AN APPRAISAL OF THE PRIVATISATION AND COMMERCIALISATION LAW AND POLICY IN NIGERIA

TABLE OF CONTENTS
Title page
Abstract
Table of Contents

CHAPTER ONE: GENERAL INTRODUCTION
1.1       Background to the problem
1.2       Statement of the problem
1.3       Objective of the Research
1.4       The Scope of the Research
1.5       Research Methodology
1.6       Literature Review
1.7       Justification
1.8       Organisational Layout

CHAPTER TWO: PRIVATISATION OF ENTERPRISES IN NIGERIA
2.1       Introduction
2.2       The Concept of Privatisation
2.2.1 Partial Privatisation
2.2.2 Full Privatisation
2.3       Mode of Privatisation
2.4 Concluding Remark

CHAPTER THREE: COMMERCIALISATION OF ENTERPRISES IN NIGERIA
3.1 Introduction
3.2       The Concept of Commercialisation
3.2.1 Partial Commercialisation
3.2.2 Full Commercialisation
3.3       Modes of Commercialisation
3.4       Concluding Remark

CHAPTER FOUR: THE REGULATORY FRAMEWORK ON PRIVATISATION AND COMMERCIALISATION IN NIGERIA
4.1 Introduction
4.2       National Council on Privatisation
4.3       The Bureau of Public Enterprises
4.4       The Public Enterprises Arbitration Panel
4.5       Concluding Remark

CHAPTER FIVE: PRIVATISATION AND COMMERCIALISATION POLICY IN NIGERIA
5.1 Introduction
5.2       The Birth and Motive of the Policy
5.3       The objectives of the policy
5.4       The Positive Impact on the Nigerian Capital Market
5.5       Economic Development
5.6       Private Sector Investment
5.7 Foreign Investment
5.8       Ownership and Control
5.8.1 Management
5.9       Concluding Remarks

CHAPTER SIX: CONCLUSION
6.1 Summary
6.2       Findings
6.3       Recommendations
            Appendix
            Bibliography

ABSTRACT
A global trend has emerged aimed at reducing government’s involvement and attracting private partnership in the economy.
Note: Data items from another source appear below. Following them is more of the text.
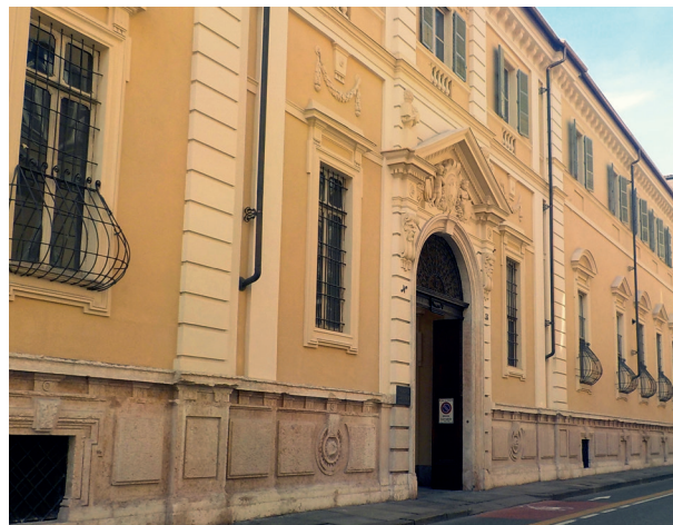
Palazzo d'Azeglio Via Principe Amedeo, 34 - Torino

Palazzo d'Azeglio is a historic building located in the center of Turin, it has been the headquarters of the Turin Humanities Programme - THP - of Fondazione 1563 since 2021. Its history began in 1679, when it was built as part of the second expansion of the city. It was the residence of local noble families, including the Taparelli d'Azeglio, hence the name. Since 1970 it has housed the Luigi Einaudi Foundation, a national point of reference for the social sciences.
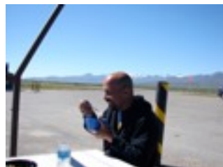
Stopping for a bite to eat on the long trip to Oregon,
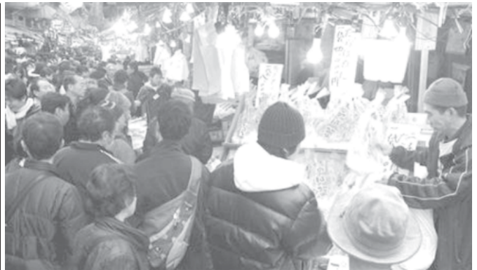
Possible customers stop by a shop specializing in marine products like salted roe of salmon and cod, and crab at Ameyoko shopping area in Tokyo on 24 Dec, 2006.
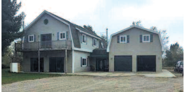
6134 ARTHUR LANE • ELMIRA

A very nice larger parcel that offers a little bit of everything!! Nicely wooded areas and some open fields. The possibilities are endless! Great Hunting in the area. Large enough for that family retreat or hunting camp. Maybe even that golf course or camp ground you have always thought about building. Only a couple miles from downtown East Jordan! MLS 441891. Ask for Chris Oliver. $164,999
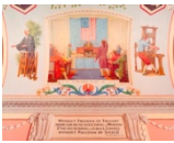
The First Federal Congress 1789 Courtesy of Architect of the Capitol
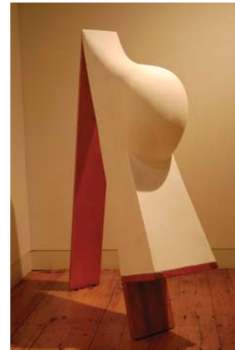
Phillip King Drift circa 1961 © The Samuel Courtauld Trust, The Courtauld Gallery, London/Philip King

For: Patrons' Circle and Director's Circle
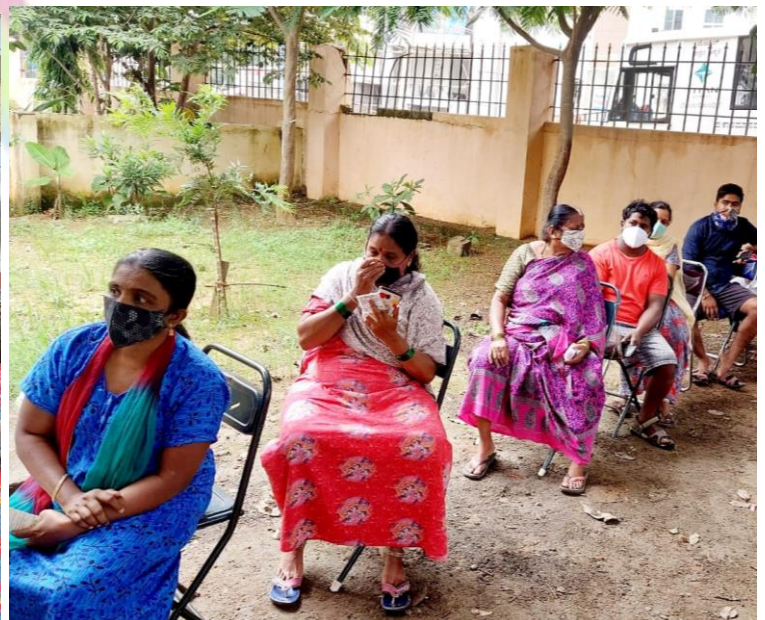
Participants queuing up outside the mobile unit
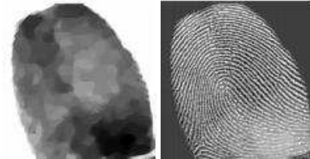
FIGURE 5. Decomposition into cartoon (left) and texture (right) of the fingerprint image without blur, obtained using the model (15).
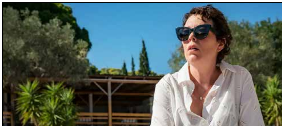
Olivia Colman: best actress nomination for The Lost Daughter
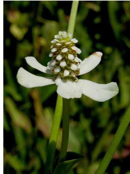
Yerba Mansa Anemopsis californica Native Perennial Lizard's-Tail Family
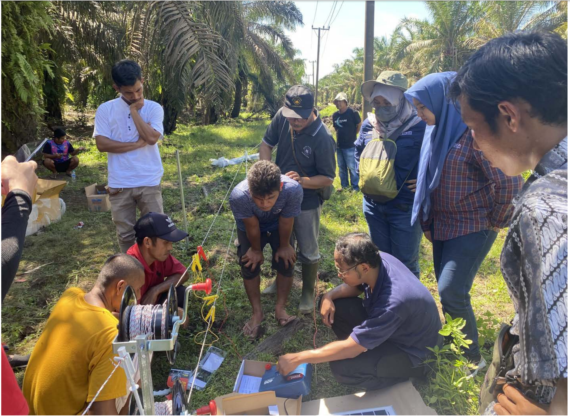
A training instructor explaining to farmers how to install an electric fence and check the electricity voltage (Photo: Partnership).

This global trend came about through the process of privatisation or both privatisation and commercialisation of government owned enterprises. The reasons offered for this economic policy vary from country to country. In Nigeria, as part of its programmes of National Economic Reforms, the Federal Government introduced privatisation along with commercialisation. The research which focused on law and policy in the privatisation and commercialisation process sees the spirit and letter of the law as not being given unfettered expression in terms of implementation in accordance with the existing legislations on the policy. The apparent ineffectiveness and inefficiency of the programme leaves one in doubt as to whether adequate provisions were not made in the law and policy to succinctly swathe the operations of the programme; hence the investigation of the law and policy. The regulatory framework on privatisation and commercialisation set up by the Nigerian Government is a matter of law, which has been juxtaposed among the government agencies. The research adopted a doctrinal methodology with considerable attention to both primary and secondary materials through which relevant laws on or connected to the programme from 1987 till date was examined. Certain findings were made which included the fact that Section 1(3) and Section 6(3) of the Act offend the provision of Sections 4(1), (4), (a), (b) of the CFRN, 1999 (as amended) and paragraph 17(b) of the Concurrent Legislative List of the Constitution and by virtue of Section 315(1) (a) of the CFRN 1999 (as amended) as an Act of the National Assembly who can constitutionally exercise the power and not the Council (NCP). Furthermore, Section 19 (1) of the Act establishing opening Privatisation Proceeds Account and subsection (2) providing that such funds be utilized for such purposes as may be determined by the Government of the Federation contradicts Section 162(1) of the CFRN, 1999 (as amended) dealing with the Federation Account. Equally, the Act does not provide for measures to probe and punish erring officers of the Bureau. This work also discovered that the Act does not provide for post-privatisation regulations to regulate the activities of privatised enterprises.

CHAPTER ONE
GENERAL INTRODUCTION
1.1              Background to the Problem
A global trend has emerged aimed at reducing government‘s involvement in the economy. This global trend came about through the process of privatisation or both privatisation and commercialisation of government owned enterprises. In Nigeria, as part of its programmes of National Economic Reforms, the Federal Government introduced privatisation along with commercialisation. Thus, commercialisation was conceived as an alternative to privatisation in some cases.1 That is to say, commercialisation was introduced as an alternative to privatisation which was deemed inappropriate.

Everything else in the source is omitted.